Jennifer Lynch, director of surveillance litigation for the Electronic Frontier Foundation, a San Francisco-based digital rights group, has testified before Congress that lawmakers need to increase oversight of the government’s “broad expansion of data collection.”
According to the Center on Privacy and Technology at the Georgetown Law Center, most adult Americans are already in a facial recognition database because of how governments format driver’s licenses and passport photos for such use. The center notes that 31 states currently allow law enforcement to search driver’s license image databases with facial recognition software.
Idemia boasts on its website that “criminal justice systems throughout the United States use [Idemia] facial recognition technology to identify persons of interest and enhance their investigation capabilities.” In addition to Idemia, Amazon, Apple and Facebook are considered to be leaders in developing the technology.
Ms. Lynch warned that too few federal and state regulations sufficiently govern police use of facial recognition technology and that poor data management and “a high rate of misidentifications” have plagued agencies such as Homeland Security. She noted that the department’s inspector general recently criticized the office of biometric identity management for failing to train personnel properly and for relying too heavily on third-party data collectors.
In an interview, Ms. Lynch said Idemia poses a threat because of its position at the center of so many government databases.
“One algorithm hashes all of [Idemia’s] biometric data,” she said. “If a hacker gained access to that proprietary algorithm, they potentially could have access to the biometric data of every person in the database.”
Government agencies also could easily check across all of the databases even if they are not cleared to do so, she said.
‘Can of legal worms’
In India, Idemia is involved in Aadhaar, the government’s biometric identification program, which collects, processes and stores the iris patterns, personal details and fingerprints of 1.2 billion Indian nationals.

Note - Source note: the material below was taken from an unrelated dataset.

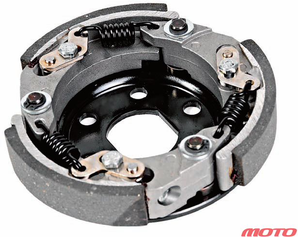 Центробежная муфта работает, как следует из названия, за счет центробежной силы. Ключевыми компонентами центробежного сцепления являются ступица, противовесы (колодки сцепления), пружины, накладки и корпус (показаны на схеме ниже).
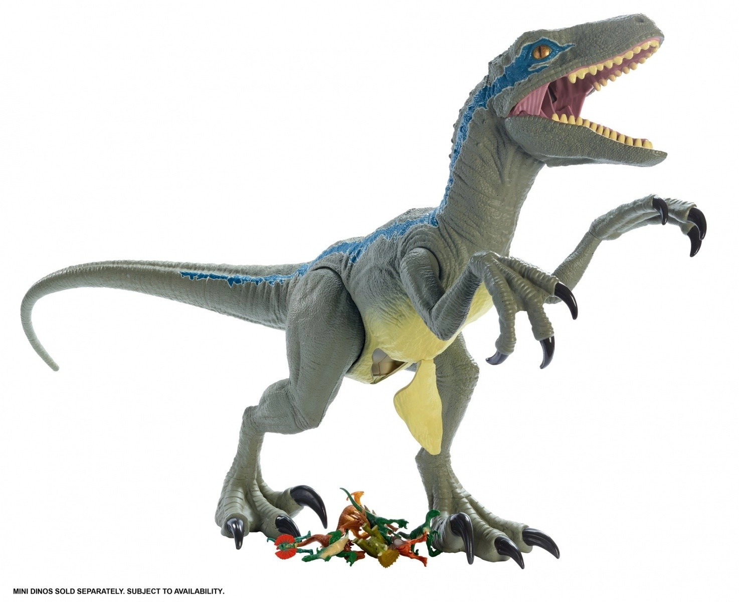 Tapkite JURASSIC WORLD pasaulio dalimi su milžiniško dydžio Blue figūrėle! Įspūdinga raptorės herojė yra maždaug 45 cm aukščio ir 106 cm ilgio, turi realistišką odos tekstūrą, ikonišką mėlyną juostą ir daugybę judančių sąnarių aktyviam žaidimui. Dėl atsidarančių žandikaulių ir sumaniai paslėptų durelių pilve Blue gali „praryti“ net 20 mini dinozaurų figūrėlių (parduodamos atskirai). Realistiškos detalės, didelė judesių amplitudė ir įtraukiamos žaidimo galimybės pradžiugins tiek mažus, tiek didelius dinozaurų gerbėjus.

Aadhaar has been subject to serious security breaches. Access to identities it verifies has been sold for less than $10 online.
Idemia now is pushing for mobile driver’s licenses as a form of universal digital ID.
Jenny Openshaw, chief of North American sales for Idemia, discussed the company’s efforts to develop mobile driver’s licenses in October at the Money 20/20 financial conference in Las Vegas.
According to industry reports, Ms. Openshaw said Idemia was working with 38 state driver’s license programs and that much of the work focused on mobile versions using facial recognition technology to unlock access to the app.
Police say mobile driver’s licenses connected to a central database could make their work safer and easier because updates could provide information about a motorist’s license suspension, change of address or outstanding tickets and warrants.
Civil liberties advocates worry that multiple state mobile driver’s license programs could morph into a de facto national ID system without any significant public debate.
Alan Butler, senior counsel at the Washington-based Electronic Privacy Information Center, warned that a host of thorny civil liberty, privacy and data security issues must be addressed before mobile driver’s licenses are widely adopted, especially the question of whether police could remotely access a person’s smartphone hosting the app. Such searches, he said, would be illegal without a warrant.
“Device-to-device communications is its own can of legal worms,” Mr. Butler said.
At the Money 20/20 conference, Ms. Openshaw engaged in a panel discussion titled “Can Secure Private Digital ID Still Allow Us to Enjoy Life?” She said several government agencies were working to establish standards for mobile driver’s licenses, according to industry reports.